A PEC de Lewandowski e o difícil pacto pela segurança
Por Vasconcelo Quadros
RESUMO
● Lula alerta para o poder das facções e pede apoio dos governadores para a PEC da segurança
● Presidente enfrenta forte resistência da bancada da bala para aprovar mudanças
● Caiado enxerga tentativa de minar poder dos Estados
● Na Câmara, deputados já se apressam para apresentar uma proposta concorrente
O pacto com governadores e prefeitos proposto pelo presidente Luiz Inácio Lula da Silva em torno da segurança é essencial para o controle da criminalidade organizada e o reordenamento da máquina policial, hoje contaminada pela corrupção e por uma cultura brutal de repressão, baseada no conflito armado e uso desproporcional de força.

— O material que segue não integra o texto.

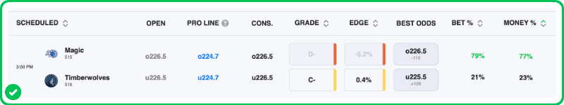 I make this total right around the number (OU 226.5), but the Under is 20-9 when the Wolves are favored at home this season.
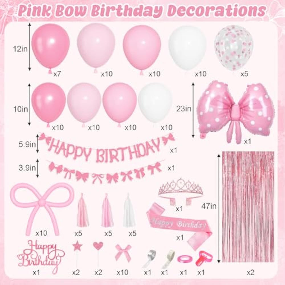| Pink Bow Birthday Decorations: Coquette Birthday Decorations Include 92Pcs Balloons, 1Pc Pink Bow Garland, 1Pcs Happy Birthday Banner, 10Pcs Pink Bow Decor, 15Pcs Paper Tassels, 1Pc Bow Foil Balloon,4Pcs Tools, 5Pcs Cake Toppers, 1Pcs Shoulder, 1Pc Crown And 2Pcs Fringe Curtains | | Premium Quality: The Bow Themed Party Decorations Are Made Of Natural Latex And Thick Paper Material Which Is Safe For Children And Adults To Use, Resist Bending And Fading, Ensuring Your Bow Birthday Decorations Can Last For A Long Time Throughout Party | | Elegant Pink Bow Design: The Bow Balloons Kit Are Designed In An Elegant Pink Bow Style, With Various Shapes Of Pink Bows, With Its Stylish Design, It Will Bring A Touch Of Sleek And Sweetness To Your Party And Make Your Party Eye-Catching | | Multiple Occasions: The Bow Themed Party Decorations Are Great For Pink Birthday Decorations, Bow Party Decorations, Girls Party Decorations, Or Other Pink Themed Events And These Special Decorations Will Hold An Impressive Gathering For Your Guests | | Easy To Assemble: The Bow Decorations For Party Include 4Pcs Balloon Tools (Arch Strip, Ribbon ,Tying Tool,Glue Points) To Help Make A Beautiful And Charming Pink Balloon Garland Easily; And Long Balloons Can Create Bow Balloons That Can Add More Romantic Atmosphere | |

O problema é que a proposta chega tarde e em meio a um turbilhão de conflitos políticos que tornam improvável sua aprovação a dois anos da sucessão presidencial.
A PEC elaborada pelo ministro da Justiça Ricardo Lewandowski:
● integra os órgãos de segurança,
● dá status constitucional ao sistema único de segurança (SUSP),
● amplia os poderes do governo federal sobre temas de segurança e penitenciário,
● e reforça as estruturas da Polícia Federal e Polícia Rodoviária Federal, esta num novo formato ostensivo.
A maioria dos governadores, porém, enxerga como uma intromissão de prerrogativas e, para travá-la, conta com um Congresso conservador, dominado pela bancada da bala, que faz muito barulho, mas tem poucas propostas. Lula tem dados e análises que justificam a proposta. E vai no ponto: “Logo, logo, o crime organizado vai estar participando de concurso, indicando juiz, procurador, político, candidato. É uma coisa quase incontrolável se a gente não montar um pacto federativo”.
Na reunião estavam os governadores ou vices de 20 estados, entre eles o do Rio de Janeiro, Cláudio de Castro (PL) e de Goiás (União Brasil), que não se comoveram. Os governadores enxergam manobra política com vistas às eleições de 2026 e uma tentativa de usurpar poderes, como afirma Caiado à ISTOÉ.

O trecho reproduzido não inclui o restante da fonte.